Dataset records:
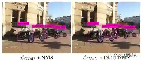 在原始的NMS中,IoU指标用于抑制多余的检测框,但由于仅考虑了重叠区域,经常会造成错误的抑制,特别是在bbox包含的情况下。因此,可以使用DIoU作为NMS的标准,不仅考虑重叠区域,还考虑了中心点距离。(基于DIoU作为NMS标准,虽然多了距离这个维度去考虑问题,但和NMS面对的同样的情况是当两个不同的目标本身就靠的很近的时候还是会造成错误的抑制)
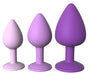 Perfektes Set für Einsteiger in die anale Lust und ein aufregendes Dehn-Training. Drei Analplugs mit Soft Touch-Oberfläche - jeder mit klarem Glitzerstein am Stopper. Jeder im einfühlsamen Anal-Design mit schmaler Spitze.
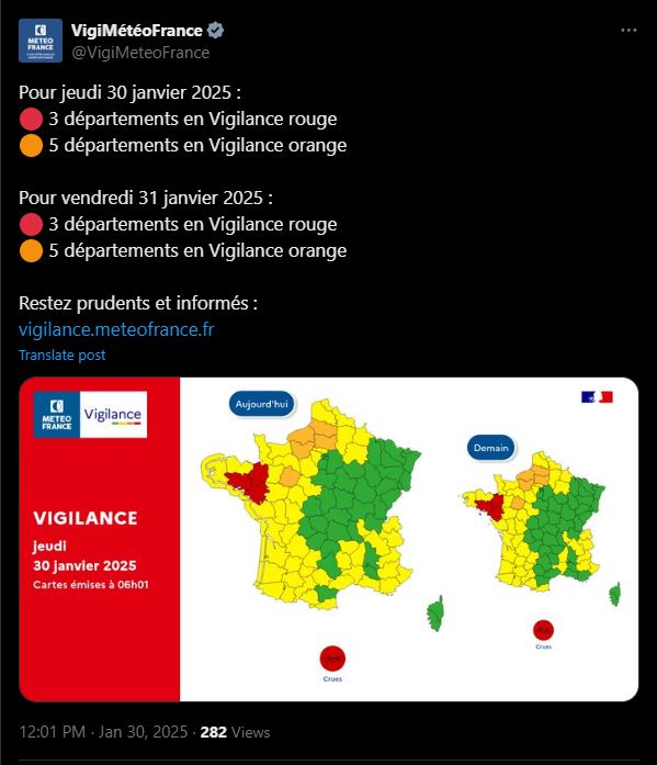 ในวันพฤหัสบดีที่ 30 มกราคม 2025 นี้ มีการประกาศเตือนภัยระดับแดงในสามจังหวัดจากความเสี่ยงที่สูงจากน้ำท่วม ขณะที่อีกหกจังหวัดในภาคตะวันตกเฉียงเหนือและภาคเหนือของฝรั่งเศสอยู่ภายใต้การเตือนภัยระดับส้ม
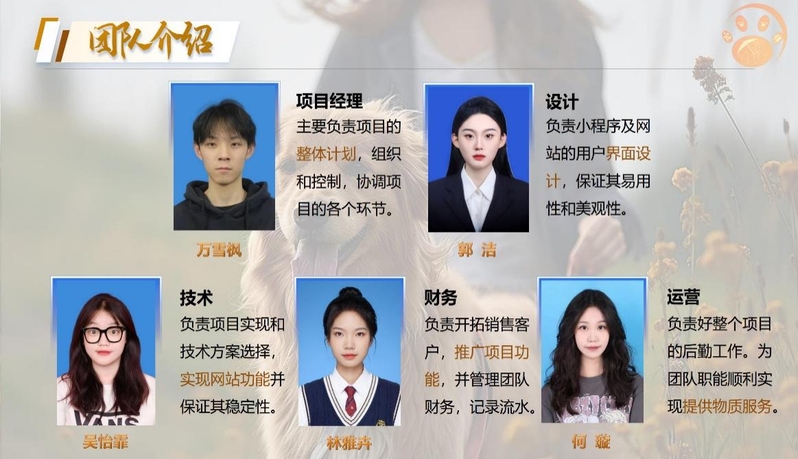 图为“宠伴”团队成员 “宠伴”团队融合了来自不同年级和专业的优秀学生,他们因为“宠伴”相识,相知,并成为了一起并肩作战的好朋友。他们以独特的视角和深入的市场调研,提出了一套全新的宠物寄养服务解决方案。他们深入了解了宠物主人的需求,结合互联网技术,设计了一个便捷、可信赖的平台,为宠物主人提供了全方位的寄养服务。这一创新模式不仅满足了宠物主人对于宠物寄养的需求,还为宠物寄养市场带来了新的商业机会。 “宠伴”团队的主讲人何璇在比赛现场巧妙地结合了PPT视频动画及平台展示,生动地展现了他们的创业项目。他们的路演和答辩内容涵盖了项目的创新创意点、市场分析、核心产品、可行性分析、风险评估以及未来发展规划等多个方面,充分展现了他们的商业理念和策略。
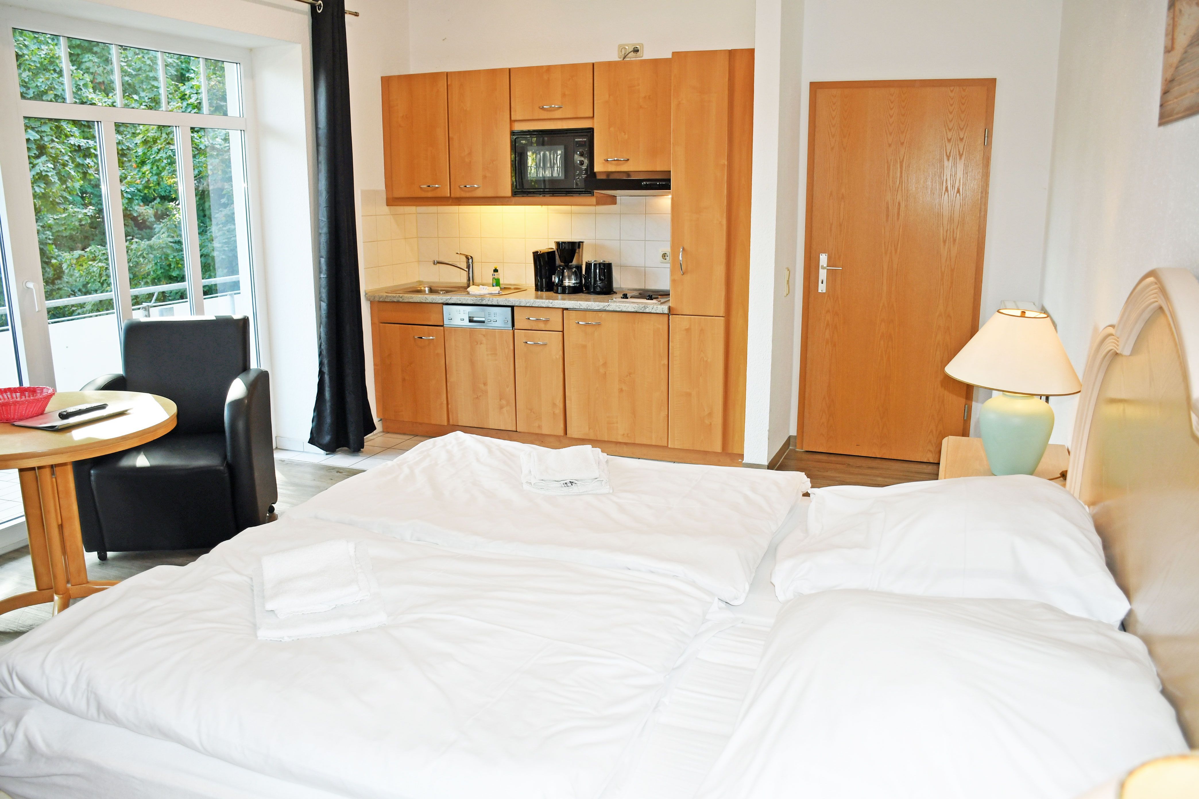 Unsere ruhig gelegenen, hellen und lichtdurchfluteten 1-Raum-Ferienwohnungen mit Balkon oder Terrasse sind wie folgt ausgestattet:
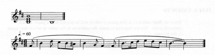 There are four cadences in this passage which will be played with a pause at each cadential point. You are required to name the cadences in the order in which they occur in the passage.
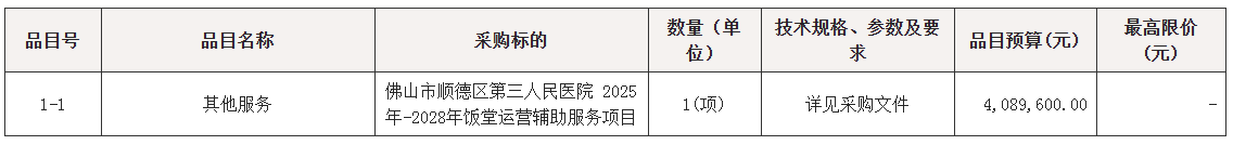 项目名称:佛山市顺德区第三人民医院2025年-2028年饭堂运营辅助服务项目(二次)
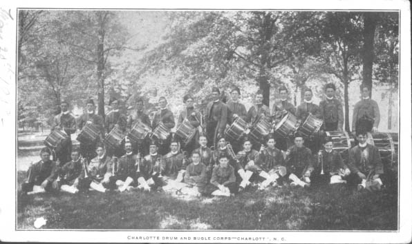 The Charlotte Drum and Bugle Corps. posed for this portrait during the Mecklenburg Declaration Celebration of May 20, 1909. Physical Description: 3x5 black and white Publisher: Unknown
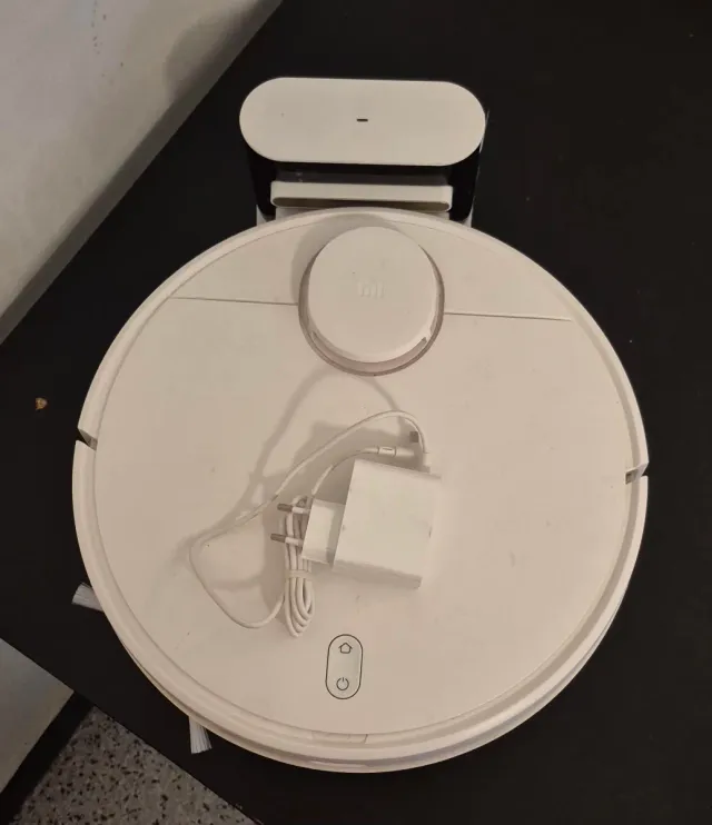 Detalles del productoRobot aspirador de la marca Xiaomi en color blanco. Incluye su base de carga.

= What to work on =
Apart from the pictures, every line above must be repeated exactly.

= The answer =
 在原始的NMS中,IoU指标用于抑制多余的检测框,但由于仅考虑了重叠区域,经常会造成错误的抑制,特别是在bbox包含的情况下。因此,可以使用DIoU作为NMS的标准,不仅考虑重叠区域,还考虑了中心点距离。(基于DIoU作为NMS标准,虽然多了距离这个维度去考虑问题,但和NMS面对的同样的情况是当两个不同的目标本身就靠的很近的时候还是会造成错误的抑制)
 Perfektes Set für Einsteiger in die anale Lust und ein aufregendes Dehn-Training. Drei Analplugs mit Soft Touch-Oberfläche - jeder mit klarem Glitzerstein am Stopper. Jeder im einfühlsamen Anal-Design mit schmaler Spitze.
 ในวันพฤหัสบดีที่ 30 มกราคม 2025 นี้ มีการประกาศเตือนภัยระดับแดงในสามจังหวัดจากความเสี่ยงที่สูงจากน้ำท่วม ขณะที่อีกหกจังหวัดในภาคตะวันตกเฉียงเหนือและภาคเหนือของฝรั่งเศสอยู่ภายใต้การเตือนภัยระดับส้ม
 图为“宠伴”团队成员 “宠伴”团队融合了来自不同年级和专业的优秀学生,他们因为“宠伴”相识,相知,并成为了一起并肩作战的好朋友。他们以独特的视角和深入的市场调研,提出了一套全新的宠物寄养服务解决方案。他们深入了解了宠物主人的需求,结合互联网技术,设计了一个便捷、可信赖的平台,为宠物主人提供了全方位的寄养服务。这一创新模式不仅满足了宠物主人对于宠物寄养的需求,还为宠物寄养市场带来了新的商业机会。 “宠伴”团队的主讲人何璇在比赛现场巧妙地结合了PPT视频动画及平台展示,生动地展现了他们的创业项目。他们的路演和答辩内容涵盖了项目的创新创意点、市场分析、核心产品、可行性分析、风险评估以及未来发展规划等多个方面,充分展现了他们的商业理念和策略。
 Unsere ruhig gelegenen, hellen und lichtdurchfluteten 1-Raum-Ferienwohnungen mit Balkon oder Terrasse sind wie folgt ausgestattet:
 There are four cadences in this passage which will be played with a pause at each cadential point. You are required to name the cadences in the order in which they occur in the passage.
 项目名称:佛山市顺德区第三人民医院2025年-2028年饭堂运营辅助服务项目(二次)
 The Charlotte Drum and Bugle Corps. posed for this portrait during the Mecklenburg Declaration Celebration of May 20, 1909. Physical Description: 3x5 black and white Publisher: Unknown
 Detalles del productoRobot aspirador de la marca Xiaomi en color blanco. Incluye su base de carga.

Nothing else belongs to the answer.